Thank you, Sunrise! I know you used Puppy Peaks before. Did you go through each video, one by one, or ?? Did you encounter situations that I have, in which the ideas in the video was helpful but you knew you had to do more prep work? I guess I just don't know where to begin with the format in PP since it isn't nearly as clear as Fenzi or Recallers. I know it's a different goal with PP (more of a documentation of what's going on) but I am just overwhelmed with how to find information I need.


----------



## AmberSunrise (Apr 1, 2009)

I tend to choose something I want to work on, and then look at the skills required as a prerequisite  not ideal perhaps but it works for me. For instance, it is time to train Aedan to stand so I looked up many of the hand touch steps and planned to work them through. 

So I rarely follow along as the skills are being built but decide what I'd like to train and work the steps leading up to that skill. Hope that makes sense.


----------



## Anele (Dec 12, 2014)

Yes, it does help and make sense. I will make good use of the search box and get started! Thanks so much for helping me move in the right direction.


----------



## cubbysan (Mar 13, 2007)

I feel like I have been totally out to lunch. What is a Puppy Peak Membership or a Fenzi membership? Are they online classes?


----------



## AmberSunrise (Apr 1, 2009)

Yes, Puppy Peaks is a subscription to one of Susan Garrett's online programs; watching 'Say Yes' puppies grow to adulthood. Her dogs and a few other dogs - how they lay the foundation, handle mistakes and provide a wealth of knowledge and encouragement. World class instruction from world class competitors 

Fenzi Dog Sports Academy is an online community and college with an amazing array of classes and first class instructors using reward based training and covers house manners, obedience, rally, IPO, dancing with your dogs, agility, nosework, tracking, dog & handler fitness, gun dog, reconditioning reactive or timid dogs, ring preparation, conformation, photography and so much more. These classes cost as low as $65 and the classes stay in your 'library' for 1 year after your last class has ended -- so can remain forever if you take 1 class a year. Oh she has compassionate heart scholarships as well as contests which also provide free tuition -- Her motto is 'Building Dog Sports Teams with Affection and Respect'. Her teams, in which I include myself, are out there earning titles HITs and HCs -- all online with an occasional seminar coming through, but mostly Denise & her instructors delight in helping us in building happy teams -- oh, she also teaches how to play with your dogs with & without toys, how to gauge what the dog in front of you needs in terms of energy -- ie; high energy dogs need different rewards than lower energy dogs, stressed dogs and how to calm them and truly the list goes on as she expands her school.

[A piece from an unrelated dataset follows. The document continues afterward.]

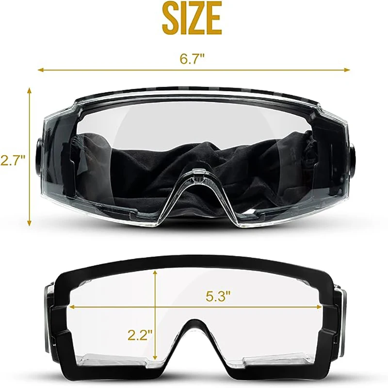 Protección ocular de seguridad: las gafas livianas se pueden usar fácilmente durante mucho tiempo y protegen los ojos de escombros voladores y contaminantes húmedos o secos.El diseño panorámico de las gafas proporciona una vista lateral completa.

A sampling of the FDSA courses can be found at Fenzi Dog Sports Academy - Schedule


----------



## cubbysan (Mar 13, 2007)

Sunrise said:


> Yes, Puppy Peaks is a subscription to one of Susan Garrett's online programs; watching 'Say Yes' puppies grow to adulthood. Her dogs and a few other dogs - how they lay the foundation, handle mistakes and provide a wealth of knowledge and encouragement. World class instruction from world class competitors
> 
> Fenzi Dog Sports Academy is an online community and college with an amazing array of classes and first class instructors using reward based training and covers house manners, obedience, rally, IPO, dancing with your dogs, agility, nosework, tracking, dog & handler fitness, gun dog, reconditioning reactive or timid dogs, ring preparation, conformation, photography and so much more. These classes cost as low as $65 and the classes stay in your 'library' for 1 year after your last class has ended -- so can remain forever if you take 1 class a year. Oh she has compassionate heart scholarships as well as contests which also provide free tuition -- Her motto is 'Building Dog Sports Teams with Affection and Respect'. Her teams, in which I include myself, are out there earning titles HITs and HCs -- all online with an occasional seminar coming through, but mostly Denise & her instructors delight in helping us in building happy teams -- oh, she also teaches how to play with your dogs with & without toys, how to gauge what the dog in front of you needs in terms of energy -- ie; high energy dogs need different rewards than lower energy dogs, stressed dogs and how to calm them and truly the list goes on as she expands her school.
> 
> A sampling of the FDSA courses can be found at Fenzi Dog Sports Academy - Schedule


Thank you!!!! So surprised in all my googling I never saw any of these.


----------